[Stored dataset items]
========================================

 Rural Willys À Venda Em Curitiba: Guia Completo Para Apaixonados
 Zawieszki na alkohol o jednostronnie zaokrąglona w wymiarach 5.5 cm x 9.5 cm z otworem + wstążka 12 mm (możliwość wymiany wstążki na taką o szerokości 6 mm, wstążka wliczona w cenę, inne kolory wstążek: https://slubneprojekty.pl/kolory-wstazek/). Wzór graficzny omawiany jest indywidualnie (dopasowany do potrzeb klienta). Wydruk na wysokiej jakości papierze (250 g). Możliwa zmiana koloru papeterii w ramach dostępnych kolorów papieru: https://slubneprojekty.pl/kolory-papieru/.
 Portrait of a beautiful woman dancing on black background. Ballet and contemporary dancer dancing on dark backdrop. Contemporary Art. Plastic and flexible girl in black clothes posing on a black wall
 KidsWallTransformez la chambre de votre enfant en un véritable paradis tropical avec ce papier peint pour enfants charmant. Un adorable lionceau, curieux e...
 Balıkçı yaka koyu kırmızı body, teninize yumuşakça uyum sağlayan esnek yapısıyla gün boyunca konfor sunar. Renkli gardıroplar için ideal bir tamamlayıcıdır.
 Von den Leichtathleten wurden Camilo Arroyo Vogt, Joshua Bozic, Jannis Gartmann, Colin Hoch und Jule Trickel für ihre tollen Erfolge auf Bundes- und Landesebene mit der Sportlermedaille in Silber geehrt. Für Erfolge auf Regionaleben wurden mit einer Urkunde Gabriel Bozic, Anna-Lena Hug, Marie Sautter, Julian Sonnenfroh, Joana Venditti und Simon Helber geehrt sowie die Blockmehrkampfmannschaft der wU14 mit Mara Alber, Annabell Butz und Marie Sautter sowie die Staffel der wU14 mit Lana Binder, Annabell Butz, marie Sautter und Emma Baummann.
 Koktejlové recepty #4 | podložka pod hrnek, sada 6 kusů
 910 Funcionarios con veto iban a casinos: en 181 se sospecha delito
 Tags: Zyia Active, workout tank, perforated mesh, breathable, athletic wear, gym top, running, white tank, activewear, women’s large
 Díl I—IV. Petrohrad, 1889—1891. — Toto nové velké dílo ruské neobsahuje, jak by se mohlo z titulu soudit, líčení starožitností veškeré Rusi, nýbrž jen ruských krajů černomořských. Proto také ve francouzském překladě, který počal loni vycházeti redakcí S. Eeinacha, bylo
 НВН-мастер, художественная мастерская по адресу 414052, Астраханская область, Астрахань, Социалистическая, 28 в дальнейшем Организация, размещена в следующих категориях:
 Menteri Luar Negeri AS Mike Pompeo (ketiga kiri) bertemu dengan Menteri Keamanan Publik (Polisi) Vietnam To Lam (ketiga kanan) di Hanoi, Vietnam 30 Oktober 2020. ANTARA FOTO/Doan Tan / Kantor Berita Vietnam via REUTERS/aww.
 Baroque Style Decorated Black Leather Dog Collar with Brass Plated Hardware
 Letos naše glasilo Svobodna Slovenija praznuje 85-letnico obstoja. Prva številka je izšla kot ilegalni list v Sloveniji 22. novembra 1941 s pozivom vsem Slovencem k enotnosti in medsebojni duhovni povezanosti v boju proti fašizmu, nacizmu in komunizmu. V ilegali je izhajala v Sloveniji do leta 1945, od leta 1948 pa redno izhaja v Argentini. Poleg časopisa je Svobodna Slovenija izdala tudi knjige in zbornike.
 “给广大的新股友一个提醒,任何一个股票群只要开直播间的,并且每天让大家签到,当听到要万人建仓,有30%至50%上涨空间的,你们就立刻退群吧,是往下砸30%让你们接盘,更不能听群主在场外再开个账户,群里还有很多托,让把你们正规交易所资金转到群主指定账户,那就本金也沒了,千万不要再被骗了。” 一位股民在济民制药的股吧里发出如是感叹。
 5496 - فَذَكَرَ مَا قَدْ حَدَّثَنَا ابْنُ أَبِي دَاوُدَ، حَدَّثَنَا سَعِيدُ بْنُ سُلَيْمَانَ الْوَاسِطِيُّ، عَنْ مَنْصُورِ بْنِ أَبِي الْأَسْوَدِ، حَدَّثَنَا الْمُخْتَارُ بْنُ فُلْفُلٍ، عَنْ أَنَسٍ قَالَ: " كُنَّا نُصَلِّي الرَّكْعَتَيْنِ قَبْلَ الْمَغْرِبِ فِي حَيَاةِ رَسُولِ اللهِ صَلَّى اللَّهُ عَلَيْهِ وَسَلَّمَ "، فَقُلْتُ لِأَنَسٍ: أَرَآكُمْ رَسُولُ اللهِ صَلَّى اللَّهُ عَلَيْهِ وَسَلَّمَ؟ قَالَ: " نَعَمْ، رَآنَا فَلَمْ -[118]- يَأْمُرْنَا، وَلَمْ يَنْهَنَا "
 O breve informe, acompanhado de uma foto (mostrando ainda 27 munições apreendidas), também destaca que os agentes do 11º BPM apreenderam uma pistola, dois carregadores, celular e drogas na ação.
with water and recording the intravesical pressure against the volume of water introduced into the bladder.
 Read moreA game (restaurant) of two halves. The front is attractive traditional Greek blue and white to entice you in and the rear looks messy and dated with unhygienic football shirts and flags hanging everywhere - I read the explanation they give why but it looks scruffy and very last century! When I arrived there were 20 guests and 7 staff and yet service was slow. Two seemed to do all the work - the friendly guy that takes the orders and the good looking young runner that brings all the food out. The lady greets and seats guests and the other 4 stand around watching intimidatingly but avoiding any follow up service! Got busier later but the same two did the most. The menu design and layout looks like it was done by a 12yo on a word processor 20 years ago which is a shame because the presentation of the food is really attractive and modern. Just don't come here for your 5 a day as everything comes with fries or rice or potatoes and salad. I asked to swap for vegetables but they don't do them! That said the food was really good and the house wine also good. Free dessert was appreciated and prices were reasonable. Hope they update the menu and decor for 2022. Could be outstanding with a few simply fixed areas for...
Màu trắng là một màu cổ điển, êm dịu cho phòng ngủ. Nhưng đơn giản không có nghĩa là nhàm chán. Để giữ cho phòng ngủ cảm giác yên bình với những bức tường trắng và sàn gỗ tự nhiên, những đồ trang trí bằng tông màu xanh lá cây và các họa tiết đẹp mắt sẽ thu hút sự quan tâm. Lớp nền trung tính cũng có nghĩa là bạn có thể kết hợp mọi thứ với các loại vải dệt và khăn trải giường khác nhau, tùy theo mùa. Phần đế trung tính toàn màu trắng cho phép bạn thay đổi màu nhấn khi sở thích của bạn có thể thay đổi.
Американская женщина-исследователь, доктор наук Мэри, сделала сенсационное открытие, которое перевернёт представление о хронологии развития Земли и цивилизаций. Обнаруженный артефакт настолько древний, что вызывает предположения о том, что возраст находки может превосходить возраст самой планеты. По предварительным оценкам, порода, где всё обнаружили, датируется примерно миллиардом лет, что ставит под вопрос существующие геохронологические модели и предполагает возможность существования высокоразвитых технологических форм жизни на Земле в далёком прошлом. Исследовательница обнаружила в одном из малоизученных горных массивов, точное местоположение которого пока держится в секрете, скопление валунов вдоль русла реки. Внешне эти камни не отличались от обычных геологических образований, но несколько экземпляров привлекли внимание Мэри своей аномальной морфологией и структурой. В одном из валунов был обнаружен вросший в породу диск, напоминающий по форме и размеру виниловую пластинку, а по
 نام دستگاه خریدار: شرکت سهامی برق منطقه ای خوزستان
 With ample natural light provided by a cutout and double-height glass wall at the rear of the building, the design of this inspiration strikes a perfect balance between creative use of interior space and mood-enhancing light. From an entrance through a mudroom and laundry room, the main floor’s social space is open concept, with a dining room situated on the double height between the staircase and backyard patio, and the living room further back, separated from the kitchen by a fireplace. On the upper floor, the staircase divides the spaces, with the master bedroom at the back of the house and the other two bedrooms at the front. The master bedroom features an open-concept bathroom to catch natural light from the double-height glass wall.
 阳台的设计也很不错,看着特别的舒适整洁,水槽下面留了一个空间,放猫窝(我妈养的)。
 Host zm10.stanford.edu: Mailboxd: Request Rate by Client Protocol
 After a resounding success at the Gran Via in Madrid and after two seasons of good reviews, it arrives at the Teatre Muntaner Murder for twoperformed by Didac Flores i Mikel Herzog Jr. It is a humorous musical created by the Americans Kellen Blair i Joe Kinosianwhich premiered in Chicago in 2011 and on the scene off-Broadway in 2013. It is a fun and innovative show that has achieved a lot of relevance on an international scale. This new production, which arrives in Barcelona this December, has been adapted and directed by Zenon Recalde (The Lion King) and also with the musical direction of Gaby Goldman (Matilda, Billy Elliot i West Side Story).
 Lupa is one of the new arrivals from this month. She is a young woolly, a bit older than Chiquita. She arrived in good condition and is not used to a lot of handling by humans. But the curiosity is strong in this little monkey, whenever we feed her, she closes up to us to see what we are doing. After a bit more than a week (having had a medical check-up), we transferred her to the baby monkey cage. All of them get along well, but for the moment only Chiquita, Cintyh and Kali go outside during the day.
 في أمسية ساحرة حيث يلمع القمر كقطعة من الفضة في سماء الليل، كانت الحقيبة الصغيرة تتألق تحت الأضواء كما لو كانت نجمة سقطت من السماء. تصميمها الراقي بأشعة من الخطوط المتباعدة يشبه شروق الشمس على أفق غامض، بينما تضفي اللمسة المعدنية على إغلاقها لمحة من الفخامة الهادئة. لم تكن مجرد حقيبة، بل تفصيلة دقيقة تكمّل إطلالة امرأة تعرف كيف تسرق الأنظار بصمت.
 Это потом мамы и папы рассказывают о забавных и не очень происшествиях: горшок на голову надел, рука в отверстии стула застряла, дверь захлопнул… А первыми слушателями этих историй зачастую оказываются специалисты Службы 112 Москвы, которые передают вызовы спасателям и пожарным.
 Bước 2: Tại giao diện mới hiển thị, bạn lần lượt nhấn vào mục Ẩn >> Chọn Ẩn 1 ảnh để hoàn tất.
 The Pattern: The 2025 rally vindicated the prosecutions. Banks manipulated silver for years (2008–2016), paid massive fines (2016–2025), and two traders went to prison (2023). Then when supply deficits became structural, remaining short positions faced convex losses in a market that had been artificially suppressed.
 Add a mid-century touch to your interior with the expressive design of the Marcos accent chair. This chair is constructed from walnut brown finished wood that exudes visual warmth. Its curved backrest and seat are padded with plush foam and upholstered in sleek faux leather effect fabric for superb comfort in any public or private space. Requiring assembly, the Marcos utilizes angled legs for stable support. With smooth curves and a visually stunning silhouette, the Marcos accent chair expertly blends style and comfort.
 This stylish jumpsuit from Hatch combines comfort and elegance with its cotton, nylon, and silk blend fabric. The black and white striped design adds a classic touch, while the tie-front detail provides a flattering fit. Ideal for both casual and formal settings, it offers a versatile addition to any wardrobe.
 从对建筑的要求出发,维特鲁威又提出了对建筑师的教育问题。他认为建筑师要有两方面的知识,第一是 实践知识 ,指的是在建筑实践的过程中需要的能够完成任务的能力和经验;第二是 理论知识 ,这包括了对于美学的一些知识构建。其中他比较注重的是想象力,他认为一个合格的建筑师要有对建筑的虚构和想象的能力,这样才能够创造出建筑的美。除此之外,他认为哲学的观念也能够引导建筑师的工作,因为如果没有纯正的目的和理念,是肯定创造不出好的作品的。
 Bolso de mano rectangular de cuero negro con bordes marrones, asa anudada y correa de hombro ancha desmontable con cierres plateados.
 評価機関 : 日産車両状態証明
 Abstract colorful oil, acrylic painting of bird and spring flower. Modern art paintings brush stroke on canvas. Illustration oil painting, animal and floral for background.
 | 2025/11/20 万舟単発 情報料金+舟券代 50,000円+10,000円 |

========================================

REQUIRED WORK:
Every line above from the line with "في أمسية ساحرة" to the line with "Bước 2: Tại", both included, must be reproduced exactly, and no other line may appear.

EXERCISE RESULT:
 في أمسية ساحرة حيث يلمع القمر كقطعة من الفضة في سماء الليل، كانت الحقيبة الصغيرة تتألق تحت الأضواء كما لو كانت نجمة سقطت من السماء. تصميمها الراقي بأشعة من الخطوط المتباعدة يشبه شروق الشمس على أفق غامض، بينما تضفي اللمسة المعدنية على إغلاقها لمحة من الفخامة الهادئة. لم تكن مجرد حقيبة، بل تفصيلة دقيقة تكمّل إطلالة امرأة تعرف كيف تسرق الأنظار بصمت.
 Это потом мамы и папы рассказывают о забавных и не очень происшествиях: горшок на голову надел, рука в отверстии стула застряла, дверь захлопнул… А первыми слушателями этих историй зачастую оказываются специалисты Службы 112 Москвы, которые передают вызовы спасателям и пожарным.
 Bước 2: Tại giao diện mới hiển thị, bạn lần lượt nhấn vào mục Ẩn >> Chọn Ẩn 1 ảnh để hoàn tất.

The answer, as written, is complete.